The Seemingly Local Detail: On Derek Mahon
Poetry London was deeply saddened to learn of Derek Mahon’s death last week, and we join with the rest of the poetry community in mourning his loss and paying tribute to his talent. He was a true great, one whose work will stand the test of time. Perhaps in Mahon’s case that last phrase takes on more than its usual clichéd resonance, for in its stringent but generous way his poetry does exactly that – tests the limits of time and history, probing at gaps and silences in the record, winnowing out the spaces ‘where a thought might grow’. Those words are from ‘A Disused Shed in Co. Wexford’, his most famous work and an enduring masterpiece of political witness in verse.
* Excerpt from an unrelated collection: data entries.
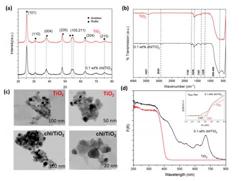圖二 (a) TiO2和0.1 wt% chl/TiO2的XRD圖譜,(b) TiO2和0.1 wt% chl/TiO2的FTIR光譜,(c) TiO2和0.1 wt% chl/TiO2的TEM圖像,(d) TiO2和0.1 wt% chl/TiO2的Tauc圖確定帶隙
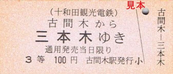 有料手回り品切符は十和田市駅改称前である三本木駅の駅名入り。〔復刻版乗車券(古間木駅)〕
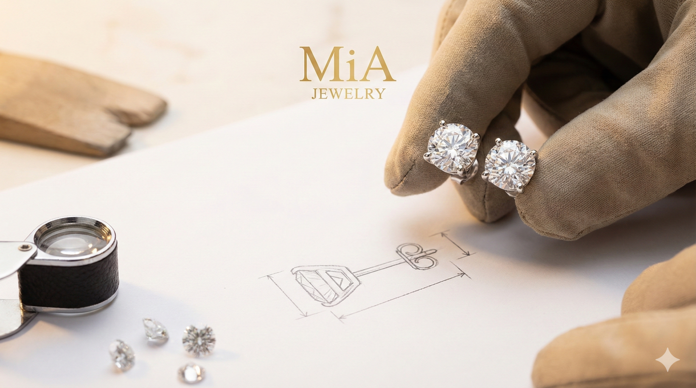 Dịch vụ bông tai kim cương thiết kế riêng tại MiA Jewelry mang đến cho khách hàng trải nghiệm cá nhân hóa toàn diện, nơi từng chi tiết được tạo ra để phù hợp phong cách, gương mặt và cá tính riêng. Mỗi thiết kế đều được chế tác thủ công, sử dụng kim cương tự nhiên nhập khẩu và tiêu chuẩn hoàn thiện cao cấp.
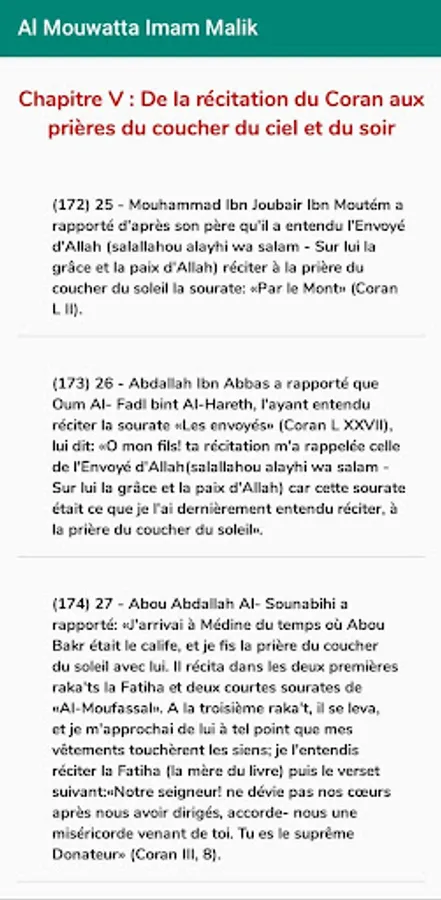 Al mouwatta is an Islamic work constituting the basis of the jurisprudence of the Malikite school. Considered to be one of the oldest existing sources of Hadiths, the different hadiths are classified by subject: Prayer, ablution, Ramadan, Hajj, travel, Quran, zakat, marriage, sales, wills , alms, etc ....
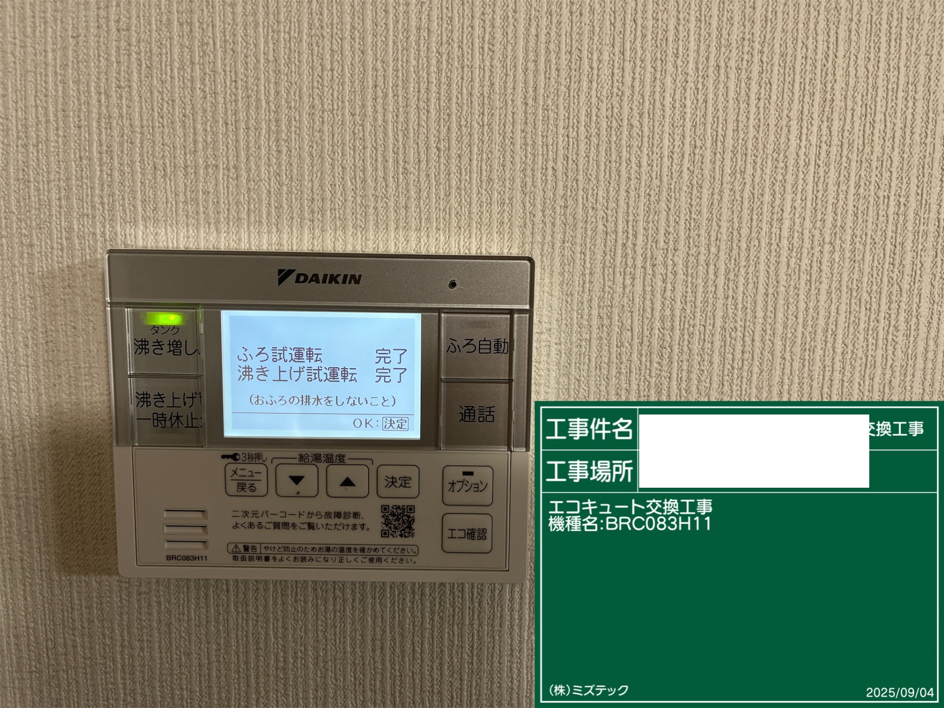 | 内容 | エコキュート>ダイキン交換工事 | ||
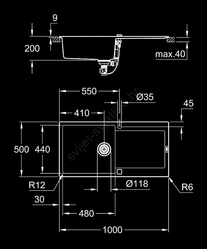 • Ugradnja odozgo s mogućnošću postavljanja ocjeđivača lijevo ili desno.
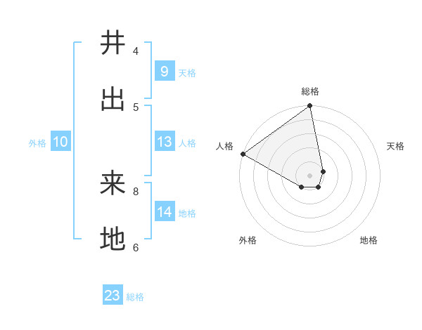 井出 来地さんの総格は23画の5点!

Its combination of allegory, myth, descriptive realism, and transhistorical – and trans-species – sympathy still feels utterly unusual and compelling.
Writing in our own pages in Autumn 2006, Marilyn Hacker captures Mahon’s deep interest in history and ‘placement’:
It is not the fact that the verse, when one examines it, is crafted with every metrical expansion or rhyme furthering its project, which is remarkable, but that the poet does in these poems what novelists like Flaubert (and early Joyce) do: creates a character, his situation and history, his placement in the events of his time, with an accretion of seemingly local and domestic detail.
This reference to the ‘seemingly local and domestic detail’ put me in mind of ‘Courtyards in Delft’, the title poem of Mahon’s wonderful 1981 collection. An ekphrastic after a 1651 painting by Pieter de Hooch, the poem sings the praises of a particular attitude, or quality of attention, that is present in the best Dutch art of this era. The paintings seem to represent humdrum, transient moments in the daily record – milk being poured from a jug, a woman and her daughter emerging from a side-door – that feel too specific or bounded by place and custom to matter much, until a stray beam of sunlight catches an object in just such a way that, suddenly, it belongs to quite another moment, far away in space and time. The generic becomes deeply personal.
Yet this is life too, and the cracked Out-house door a verifiable fact As vividly mnemonic as the sunlit Railings that front the houses opposite. I lived there as a boy and know the coal Glittering in its shed, late-afternoon Lambency informing the deal table, The ceiling cradled in a radiant spoon.
These are the ‘radiant’ perspectives that Mahon’s poetry opens up, and they will continue to ramify and complicate one another for many years to come.